This is also a better way to distribute and maintain complex middleware software for vendors. As long as the interactions with the middleware are over inter-process communication involving open APIs and standards, the software vendors are free to release patches and upgrades at their pace. And the consumers are free to use their preferred language, libraries, runtimes, deployments methods, and processes.

What are the main drawbacks of this architecture?

Inter-process communication. The fact that the business logic and the middleware mechanics (you see where the name comes from) of the distributed systems are in different runtimes and that requires an HTTP or gRPC call rather than an in-process method call. Notice though, this is not a network call that is supposed to go to a different machine or datacenter. The Micrologic runtime and the Mecha are supposed to be colocated on the same host with low latency and minimal likelihood of network issues.

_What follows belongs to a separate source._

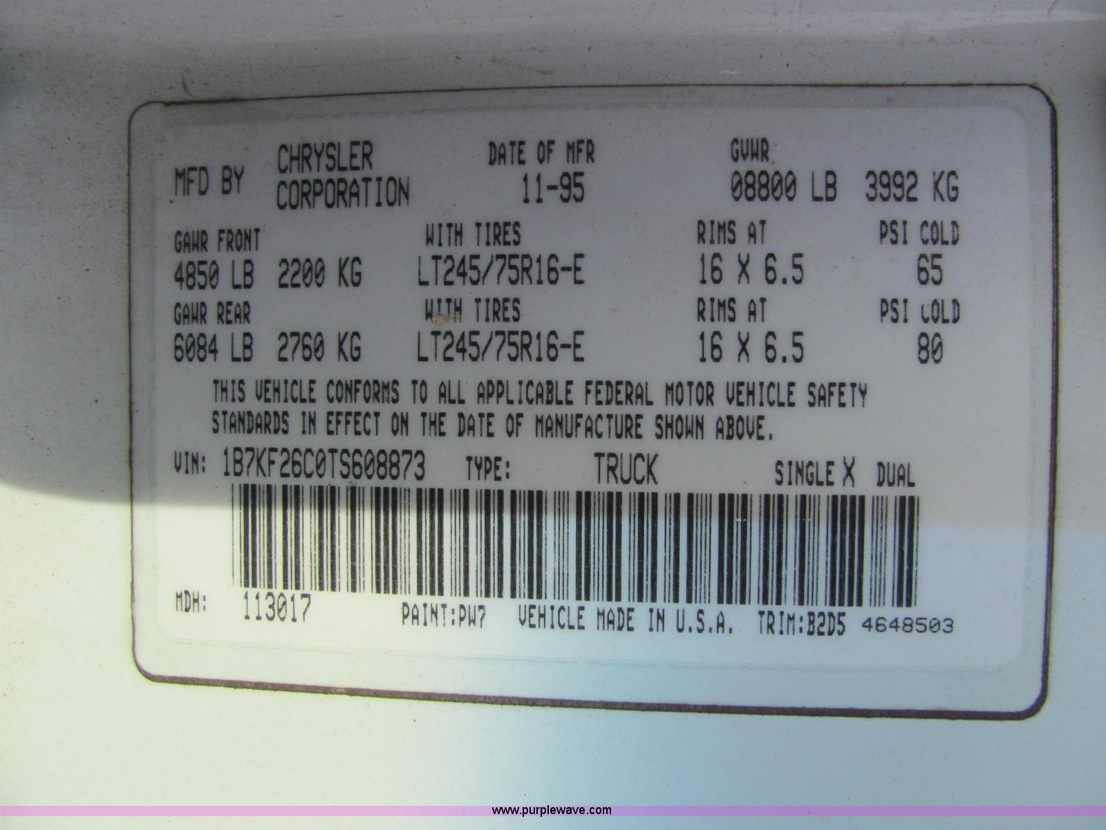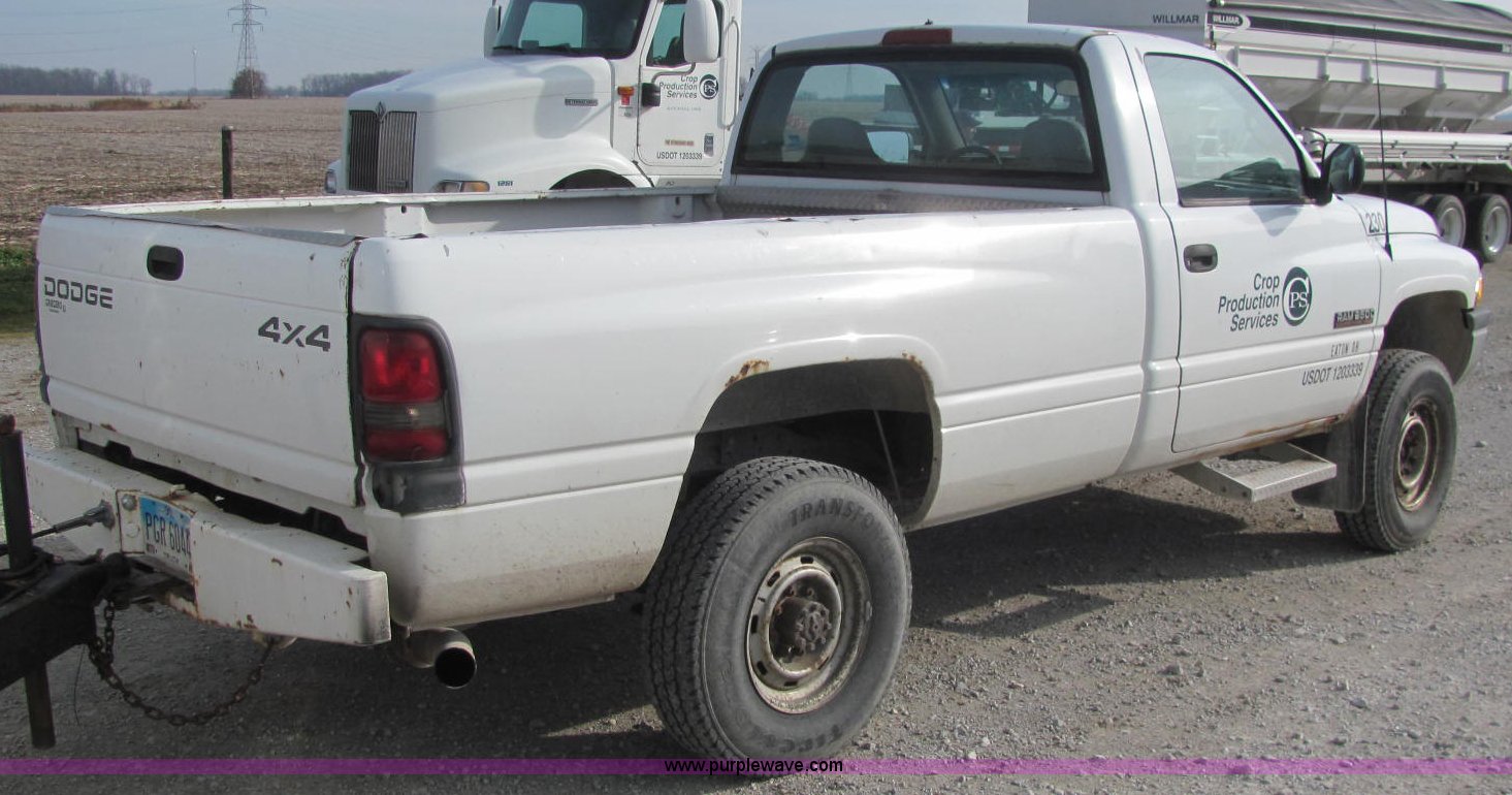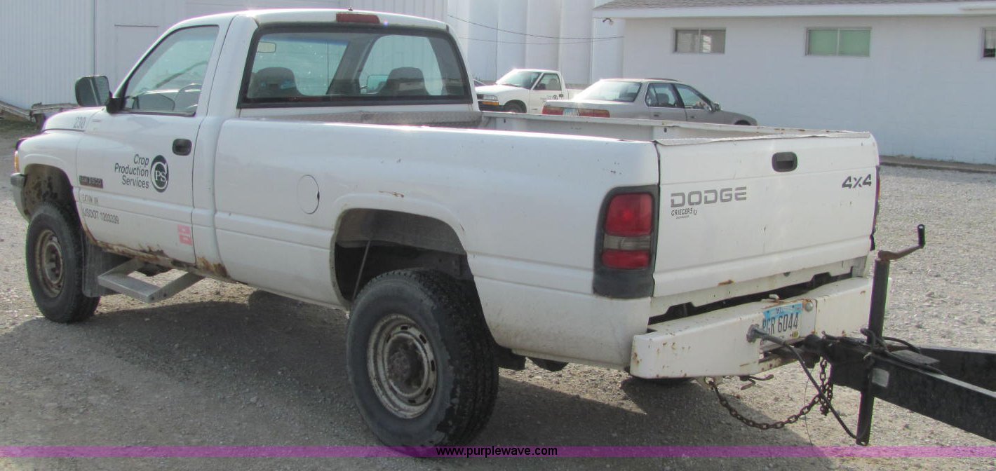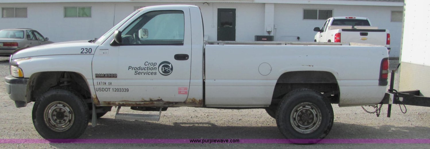 Purple Wave is selling a used Passenger Vehicle in Indiana. This item is a 1996 Dodge Ram 2500 pickup truck with the following: 236,949 miles on odometer, 5.9L I6 FI diesel engine, Automatic transmission, AC and heat, AC system leaks, AM/FM/cassette, Manual windows and locks, Vinyl interior, Agility brake controller, Block heater, Gooseneck hitch, Receiver hitch, Trailer wiring, LT235/85R16 tires, Unit# 51490

Complexity. The next question is, whether it is worth the complexity of development, and maintaining such systems for the gained benefits. I think the answer will be increasingly inclining towards yes. The requirements of distributed systems and the pace of release cycles are increasing. And this architecture optimizes for that. I wrote some time ago that the developers of the future will have to be with hybrid development skills. This architecture confirms and enforces further this trend. Part of the application will be written in a higher-level programming language, and part of the functionality will be provided by off-the-shelf components that have to be configured declaratively. Both parts are inter-connected not at compile-time, or through in-process dependency injection at startup time, but at deployment time, through inter-process communications. This model enables a higher rate of software reuse combined with a faster pace of change.

What comes after microservices are not functions

Microservices architecture has a clear goal. It optimizes for change. By splitting applications into business domains, this architecture offers the optimal service boundary for software evolution and maintainability through services that are decoupled, managed by independent teams, and released at an independent pace.

If we look at the programming model of the serverless architecture, it is primarily based on functions. Functions are optimized for scalability. With functions, we split every operation into an independent component so that it can scale rapidly, independently, and on-demand. In this model, the deployment granularity is a function. And the function is chosen because it is the code construct that has an input whose rate correlates directly to the scaling behavior. This is an architecture that is optimized for extreme scalability, rather than long term maintainability of complex systems.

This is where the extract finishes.